**Goal of the exercise:** Reproduce exactly the lines of this material that begin at the line with "春秋新女装大码西装马甲中长款显瘦韩国黑色坎肩无袖马夹学生外套" and end at the line with "ecru/charcoal grey leather", both included. Omit the pictures and everything else.

**Dataset:**

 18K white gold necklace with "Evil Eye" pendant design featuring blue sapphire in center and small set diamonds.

---

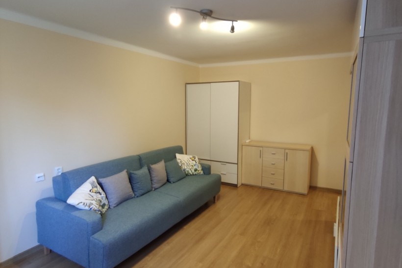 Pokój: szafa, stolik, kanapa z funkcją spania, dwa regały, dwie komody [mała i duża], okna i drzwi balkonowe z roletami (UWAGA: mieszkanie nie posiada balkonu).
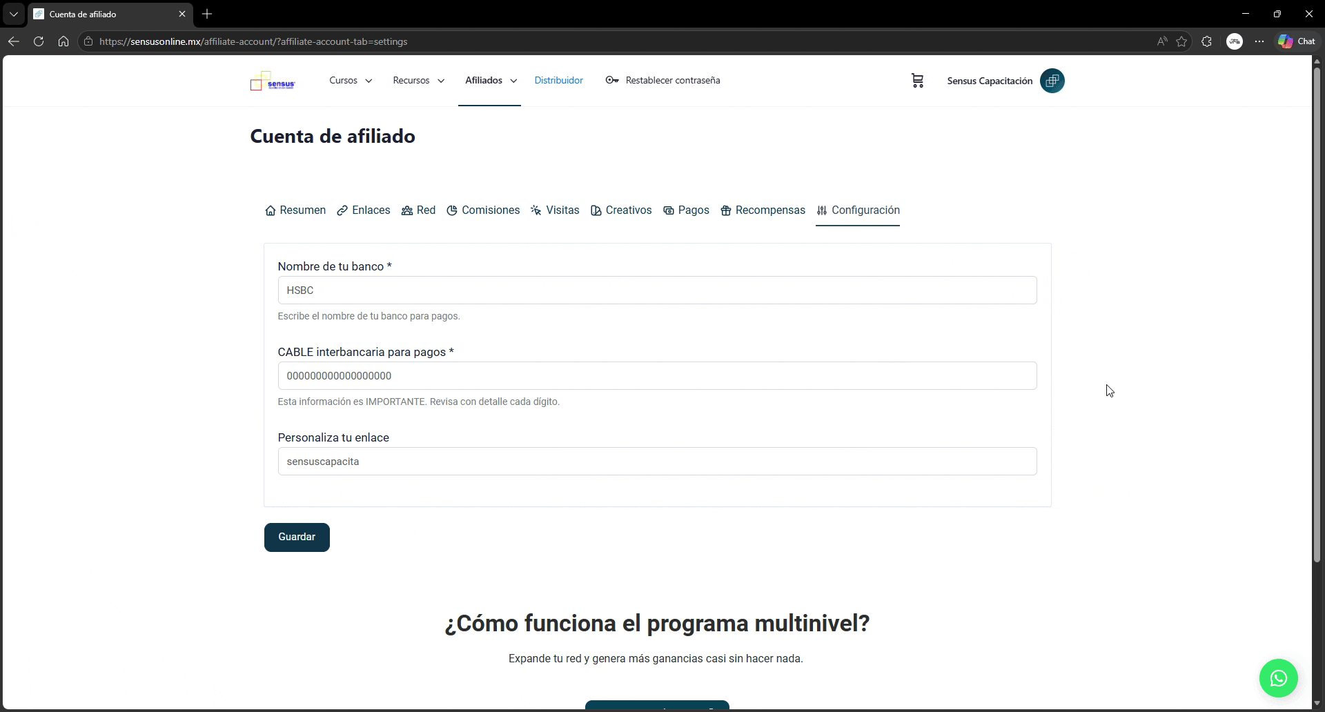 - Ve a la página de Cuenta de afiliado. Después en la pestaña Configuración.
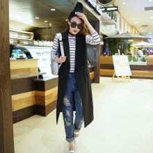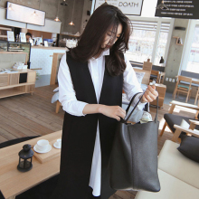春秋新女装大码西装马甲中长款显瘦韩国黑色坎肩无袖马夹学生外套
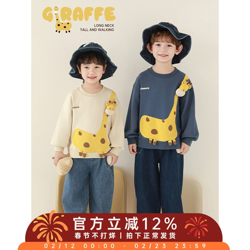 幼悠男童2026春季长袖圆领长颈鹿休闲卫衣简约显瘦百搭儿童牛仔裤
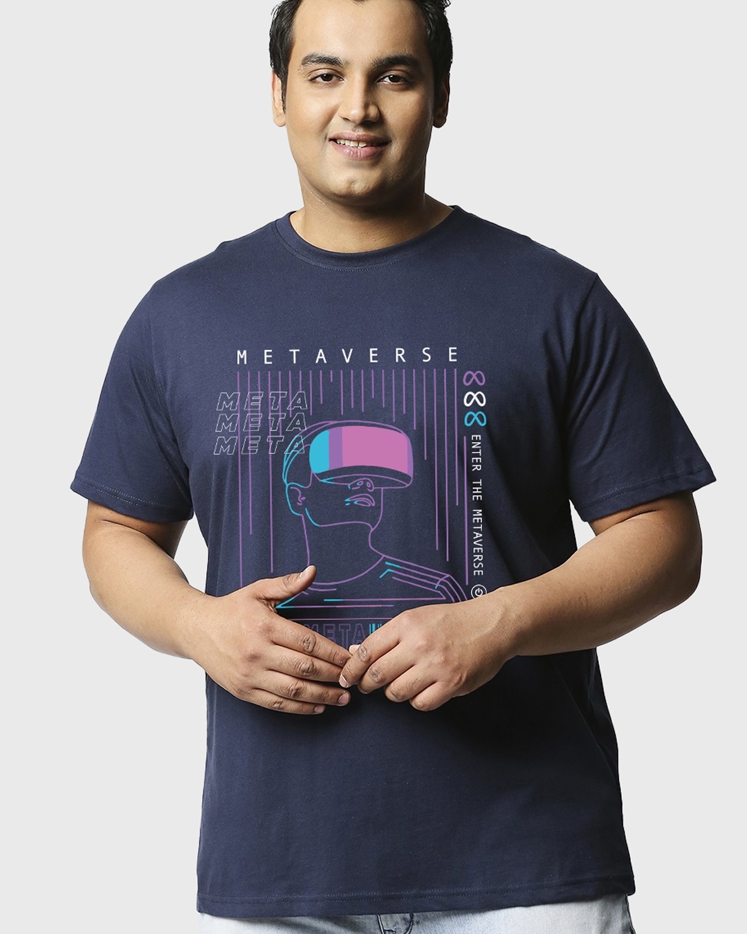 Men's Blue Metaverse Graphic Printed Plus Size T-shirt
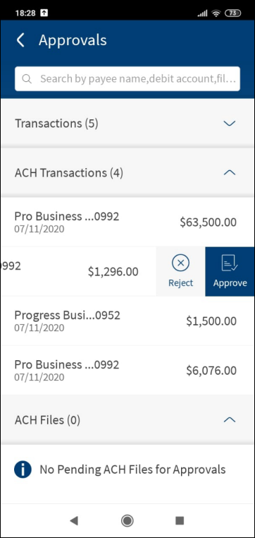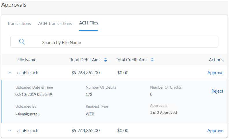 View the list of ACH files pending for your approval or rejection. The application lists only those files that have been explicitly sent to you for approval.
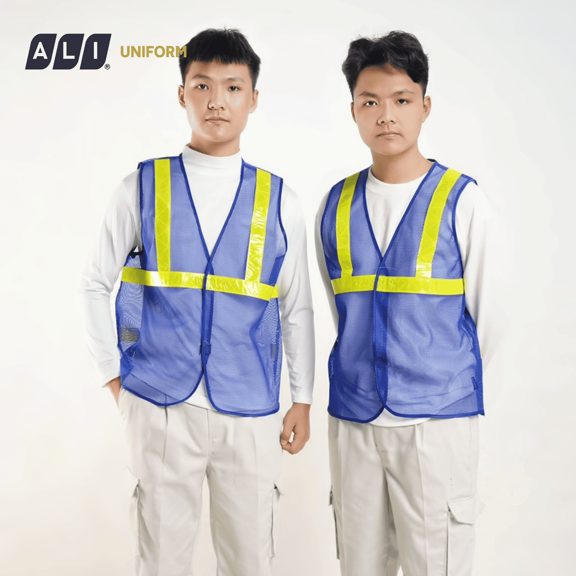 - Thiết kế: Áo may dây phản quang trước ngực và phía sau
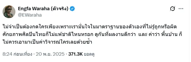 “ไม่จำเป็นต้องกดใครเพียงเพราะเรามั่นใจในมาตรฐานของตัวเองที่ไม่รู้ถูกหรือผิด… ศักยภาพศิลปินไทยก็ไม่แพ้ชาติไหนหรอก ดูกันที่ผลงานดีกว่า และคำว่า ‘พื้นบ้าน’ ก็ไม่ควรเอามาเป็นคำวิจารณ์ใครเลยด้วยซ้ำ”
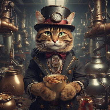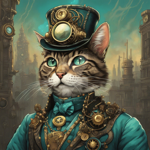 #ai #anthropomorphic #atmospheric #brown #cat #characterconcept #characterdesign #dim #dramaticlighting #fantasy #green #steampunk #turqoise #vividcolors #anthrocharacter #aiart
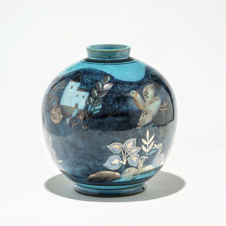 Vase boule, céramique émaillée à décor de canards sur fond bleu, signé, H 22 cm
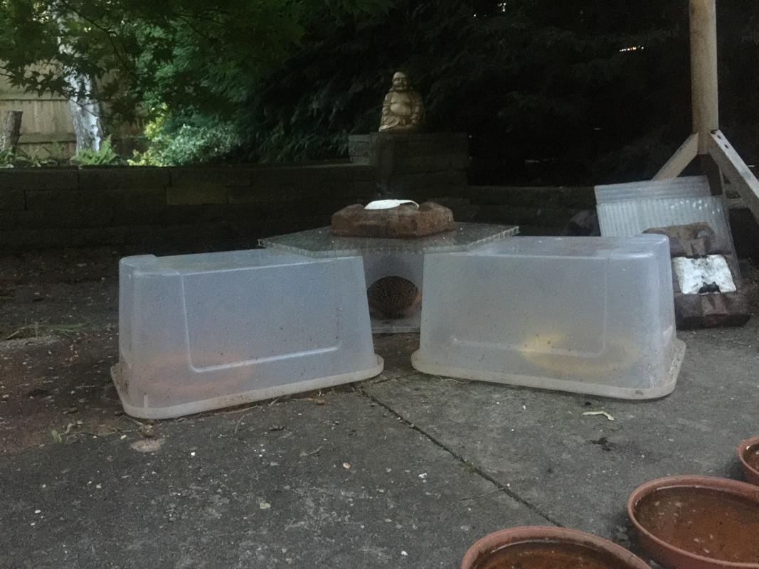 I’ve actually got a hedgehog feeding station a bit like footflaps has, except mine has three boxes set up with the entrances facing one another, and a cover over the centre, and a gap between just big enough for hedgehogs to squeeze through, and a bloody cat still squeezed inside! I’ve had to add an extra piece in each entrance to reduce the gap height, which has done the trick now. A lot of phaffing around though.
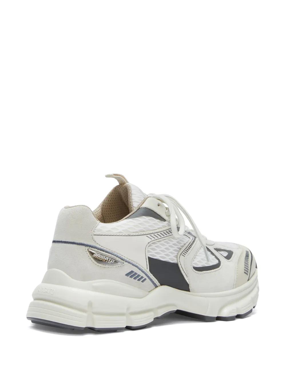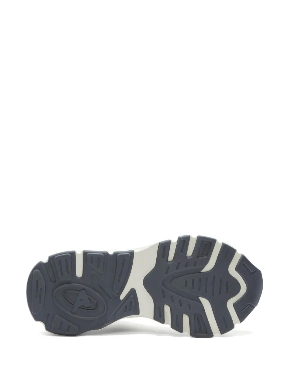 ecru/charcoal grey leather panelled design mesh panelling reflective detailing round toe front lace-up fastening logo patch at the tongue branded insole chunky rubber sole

**Worked solution:**
春秋新女装大码西装马甲中长款显瘦韩国黑色坎肩无袖马夹学生外套
 幼悠男童2026春季长袖圆领长颈鹿休闲卫衣简约显瘦百搭儿童牛仔裤
 Men's Blue Metaverse Graphic Printed Plus Size T-shirt
 View the list of ACH files pending for your approval or rejection. The application lists only those files that have been explicitly sent to you for approval.
 - Thiết kế: Áo may dây phản quang trước ngực và phía sau
 “ไม่จำเป็นต้องกดใครเพียงเพราะเรามั่นใจในมาตรฐานของตัวเองที่ไม่รู้ถูกหรือผิด… ศักยภาพศิลปินไทยก็ไม่แพ้ชาติไหนหรอก ดูกันที่ผลงานดีกว่า และคำว่า ‘พื้นบ้าน’ ก็ไม่ควรเอามาเป็นคำวิจารณ์ใครเลยด้วยซ้ำ”
 #ai #anthropomorphic #atmospheric #brown #cat #characterconcept #characterdesign #dim #dramaticlighting #fantasy #green #steampunk #turqoise #vividcolors #anthrocharacter #aiart
 Vase boule, céramique émaillée à décor de canards sur fond bleu, signé, H 22 cm
 I’ve actually got a hedgehog feeding station a bit like footflaps has, except mine has three boxes set up with the entrances facing one another, and a cover over the centre, and a gap between just big enough for hedgehogs to squeeze through, and a bloody cat still squeezed inside! I’ve had to add an extra piece in each entrance to reduce the gap height, which has done the trick now. A lot of phaffing around though.
 ecru/charcoal grey leather panelled design mesh panelling reflective detailing round toe front lace-up fastening logo patch at the tongue branded insole chunky rubber sole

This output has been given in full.